::: Recorded data
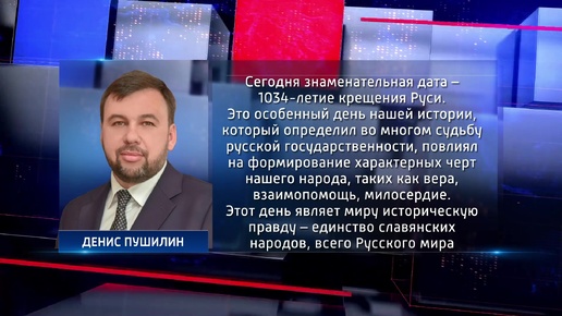Денис Пушилин поздравил жителей Республики с 1034-летием крещения Руси. Актуально. 28.07.2022
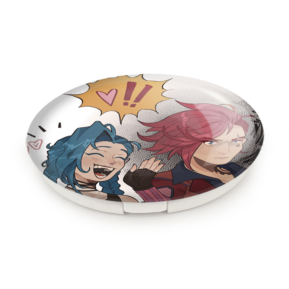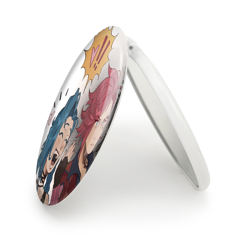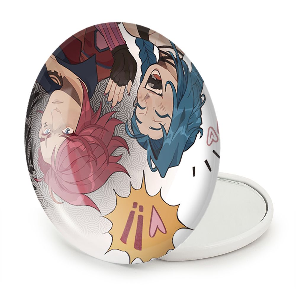آینه های تاشو جینکس و وی آرکین (Arcane) خندالو، از جنس پلاستیک فشرده ABS تولید شده و به رنگ سفید می باشد. یکی از آینه ها ابعاد واقعی را نشان داده و دیگری با قابلیت بزرگنمایی، جزئیات را بهتر نمایش می دهد. ابعاد هر یک از آینه ها، دایره ای به قطر 7.5 سانت می باشد که نه خیلی بزرگ و غیر قابل استفاده در کیف آرایشی ست و نه خیلی کوچک که تصویر خاصی در آن مشاهده نشود. آینه تاشو جینکس و وی آرکین (Arcane) سایزی استاندارد و کارآمد دارد و در هر کیفی جا میگیرد. چاپ طرح بوسیله چاپگرهای دیجیتال شش رنگ با شفافیت و کیفیتی مثال زدنی بر روی یک وجه از بدنه ی آینه انجام گرفته و با روکش لمینت حرارتی پوشیده شده که در مقابل آسیب و خط و خش مقاوم بوده و کیفیت بالایی دارد. درب آینه بوسیله قفل بدنه ی آن، باز نمی ماند و کاملا بسته می شود و مناسب قرار گیری در کیف لوازم آرایش و کیف های کوچک دستی نیز هست. آینه های تاشو جینکس و وی آرکین (Arcane) خندالو با تنوع طرحی بسیار بالا، سلیقه هر نوع مخاطبی را تامین میکند.
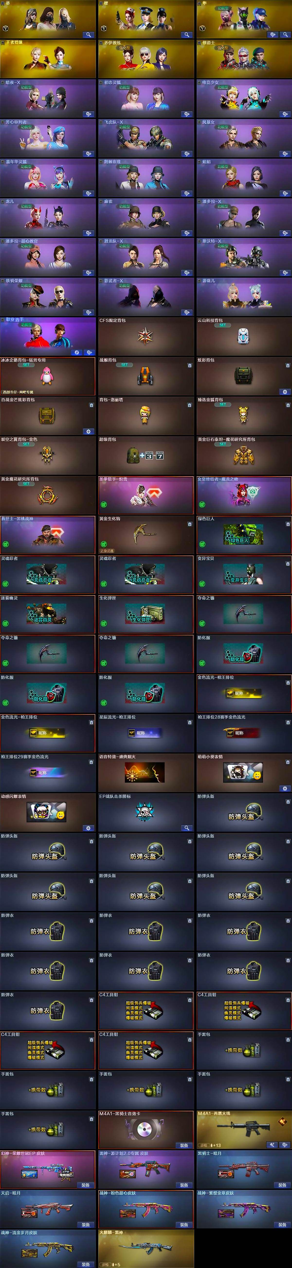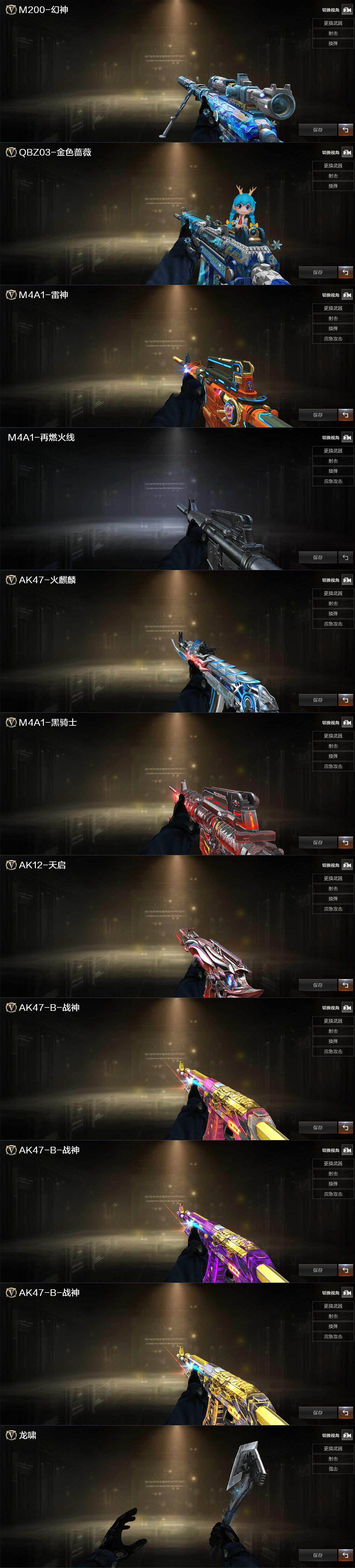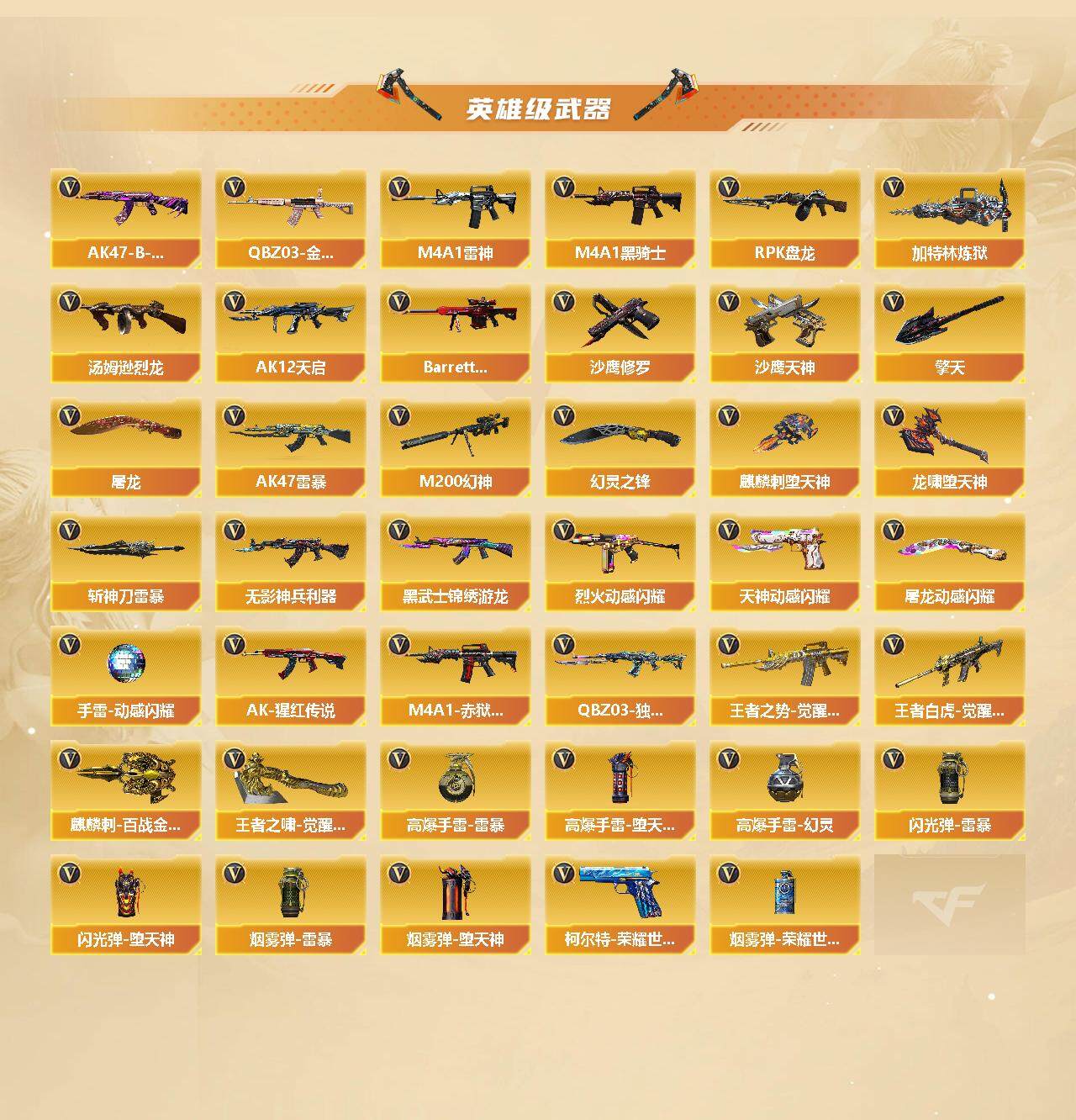 【英雄级武器】:M4A1-雷神,M4A1-黑骑士*5,AK12-天启,AK47-雷暴,无影-神兵利器,黑武士-锦绣游龙,QBZ03-独角-V,QBZ03-金色蔷薇,烈火-动感闪耀,王者之势-觉醒版,AK-47-猩红传说,AK47-B-常胜将军,王者白虎-觉醒版,Barrett-极光,M200-幻神,RPK-盘龙*5,加特林-炼狱,汤姆逊-烈龙*6,沙鹰-修罗,沙鹰-天神,柯尔特-荣耀世冠EP,天神-动感闪耀,屠龙,麒麟刺-堕天神,擎天,幻灵之锋,屠龙-动感闪耀,龙啸-堕天神,斩神刀-雷暴,麒麟刺-百战金芒,王者之啸-觉醒版,高爆手雷-雷暴*3,高爆手雷-堕天神*2,高爆手雷-幻灵,
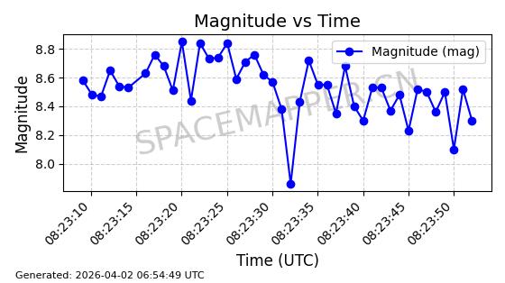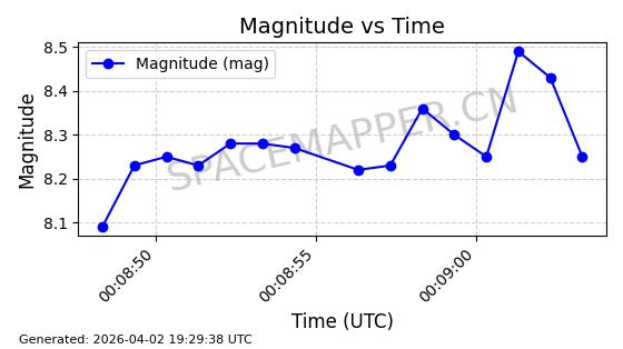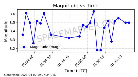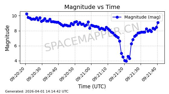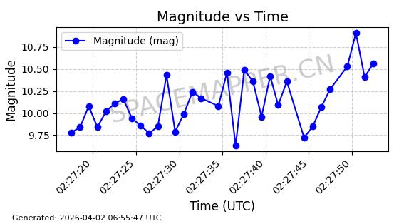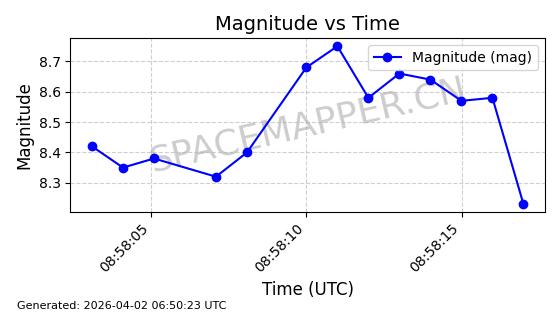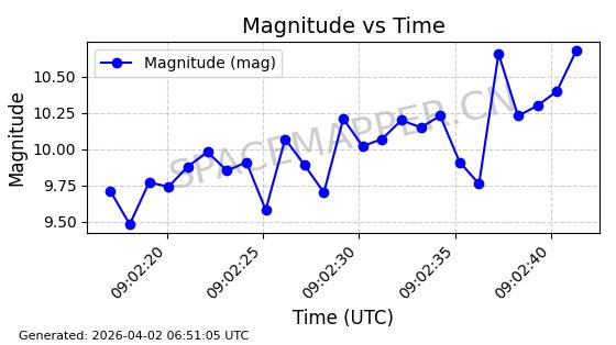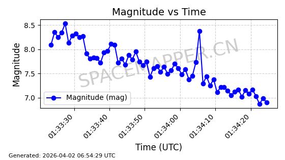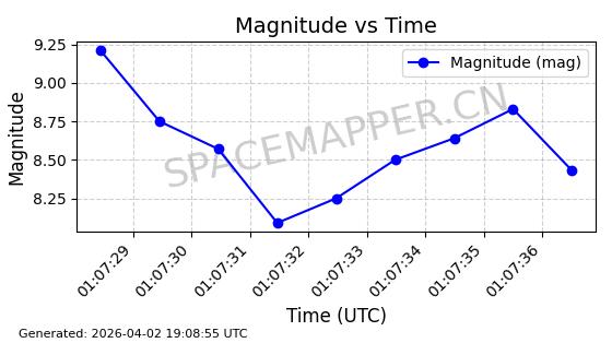 | COSMOS 1864 | 18160 | 18160 | 1987-07-06 同日期轨道 1987-057A 同批次轨道 | 在轨 | 105分钟 | 82.9338 | 954.703 | 1002.875 | 0.0032738 | 2026-04-02 07:02:37 | ||
::::::
Task statement:
In the reply, every line of the material above is to be reproduced verbatim, and the images are to be left out.

Reply:
Денис Пушилин поздравил жителей Республики с 1034-летием крещения Руси. Актуально. 28.07.2022
آینه های تاشو جینکس و وی آرکین (Arcane) خندالو، از جنس پلاستیک فشرده ABS تولید شده و به رنگ سفید می باشد. یکی از آینه ها ابعاد واقعی را نشان داده و دیگری با قابلیت بزرگنمایی، جزئیات را بهتر نمایش می دهد. ابعاد هر یک از آینه ها، دایره ای به قطر 7.5 سانت می باشد که نه خیلی بزرگ و غیر قابل استفاده در کیف آرایشی ست و نه خیلی کوچک که تصویر خاصی در آن مشاهده نشود. آینه تاشو جینکس و وی آرکین (Arcane) سایزی استاندارد و کارآمد دارد و در هر کیفی جا میگیرد. چاپ طرح بوسیله چاپگرهای دیجیتال شش رنگ با شفافیت و کیفیتی مثال زدنی بر روی یک وجه از بدنه ی آینه انجام گرفته و با روکش لمینت حرارتی پوشیده شده که در مقابل آسیب و خط و خش مقاوم بوده و کیفیت بالایی دارد. درب آینه بوسیله قفل بدنه ی آن، باز نمی ماند و کاملا بسته می شود و مناسب قرار گیری در کیف لوازم آرایش و کیف های کوچک دستی نیز هست. آینه های تاشو جینکس و وی آرکین (Arcane) خندالو با تنوع طرحی بسیار بالا، سلیقه هر نوع مخاطبی را تامین میکند.
 【英雄级武器】:M4A1-雷神,M4A1-黑骑士*5,AK12-天启,AK47-雷暴,无影-神兵利器,黑武士-锦绣游龙,QBZ03-独角-V,QBZ03-金色蔷薇,烈火-动感闪耀,王者之势-觉醒版,AK-47-猩红传说,AK47-B-常胜将军,王者白虎-觉醒版,Barrett-极光,M200-幻神,RPK-盘龙*5,加特林-炼狱,汤姆逊-烈龙*6,沙鹰-修罗,沙鹰-天神,柯尔特-荣耀世冠EP,天神-动感闪耀,屠龙,麒麟刺-堕天神,擎天,幻灵之锋,屠龙-动感闪耀,龙啸-堕天神,斩神刀-雷暴,麒麟刺-百战金芒,王者之啸-觉醒版,高爆手雷-雷暴*3,高爆手雷-堕天神*2,高爆手雷-幻灵,
 | COSMOS 1864 | 18160 | 18160 | 1987-07-06 同日期轨道 1987-057A 同批次轨道 | 在轨 | 105分钟 | 82.9338 | 954.703 | 1002.875 | 0.0032738 | 2026-04-02 07:02:37 | ||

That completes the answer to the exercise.